If you need to provide authenticated access to web services to BU users, please contact us and we will provide you with our University-standard Weblogin module. This provides a powerful and flexible means of single-signon access control for the BU user community and we want to make it as easy as possible for you to provide this for your users.

Database Server:

BU Linux includes MySQL 4.1 and PostgreSQL 7.4. For less demanding SQL applications, we also provide SQLite 3, which provides simple SQL databases without the management overhead of running a SQL server.

Using Zodiac as a Desktop Workstation

Although this isn't a design goal or a primary focus of this BU Linux release, it is possible to install and run a graphical desktop environment on Zodiac. The BU Linux web site will have detailed instructions for doing this.

For actual server use, running a graphical desktop is highly discouraged. General "best practices" for security include running only the minimum software required to provide the needed services, and the inherently large and complicated graphical desktop environment runs counter to this principle.

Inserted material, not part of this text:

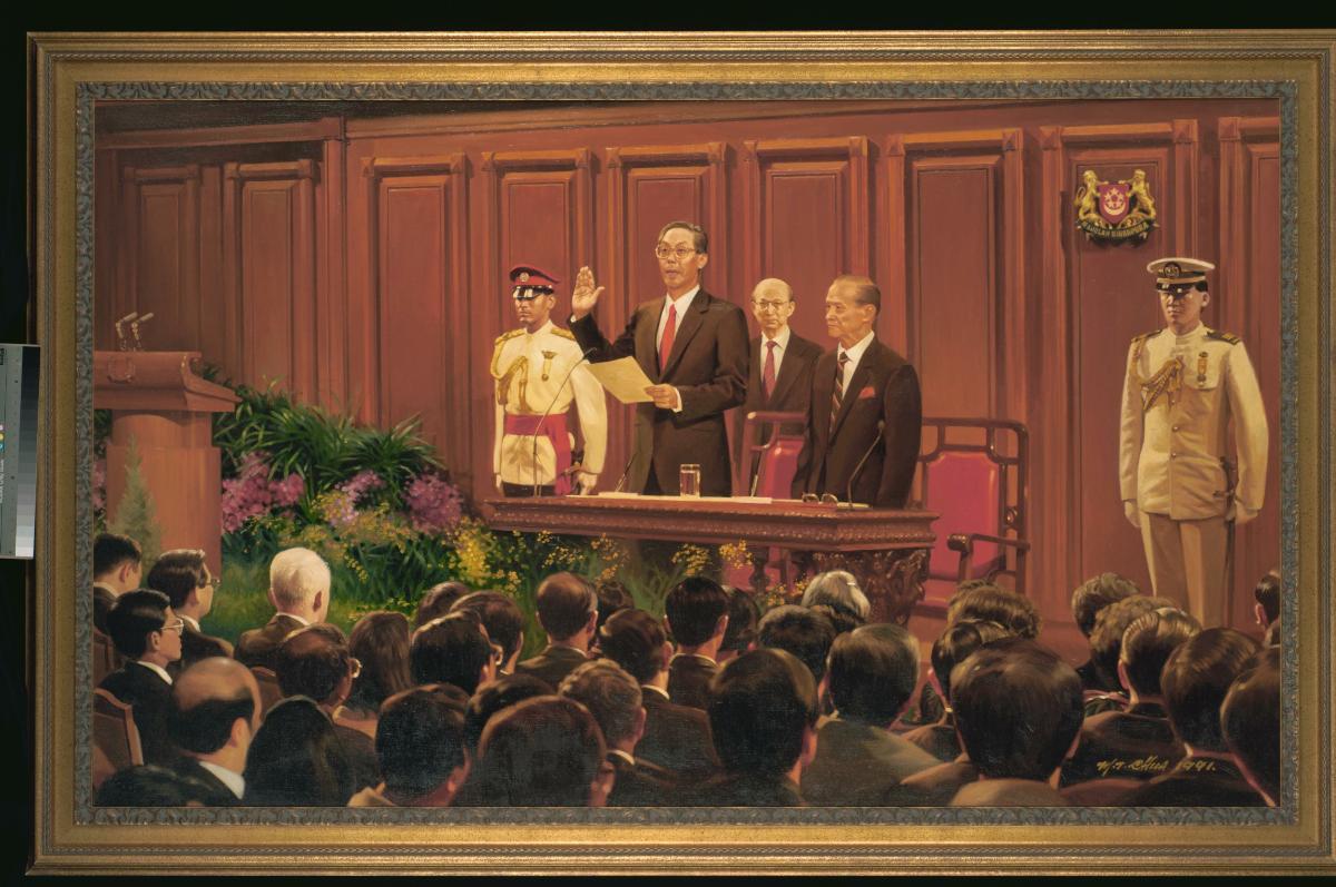 This photo, signed by President Nathan, was given to Mr Goh Chok Tong as a gift. The photo depicts then-SM Goh at his swearing-in ceremony as SM, having just stepped down as PM.

This doesn't mean you must forgo convenient GUI configuration and management tools, however. These can still be installed and run over the network securely via an SSH tunnel. Simply use SSH to connect from your desktop system to the server, and type the name of the command you want to run. The program will execute on the server but display on your desktop system — keeping the server more secure and enabling you to work from the comfort of your office.

Automatic Updates and Software Package Management

Unfortunately, there is currently no good GUI tool for yum. We are tracking the development of several potential candidates and hope to add this later. Fortunately, the command-line interface for yum is simple and well-documented.

Our previous automatic update system, aptomatic, has been replaced with a yum-based system called simply bulinux-autoupdate. This system can be configured to provide notification of new updates but not install them automatically by changing config parameters in the file /etc/sysconfig/bulinux-autoupdate — see that file for details. However, we highly recommend leaving automatic updates in place for almost all desktop systems; it will greatly reduce the amount of work you'll need to do, and the chance of a machine being compromised due to unapplied updates is greater than the risk of a bad update, as all of our updates go through a quality assurance process before release.

The BU modified version of useradd — the longstanding useradd -K — is gone. Instead, the replacement add-bu-user provides the same functionality. The new program uses a Python-based directory service backend identical to that used in the graphical user management tool. This provides us with a cleaner and more robust codebase, making updates and future upgrades simpler.

Many people will remember that OpenAFS did not function properly with BU Linux 4.0 (Bossanova) when that was released. This is no longer an issue and OpenAFS is fully-supported.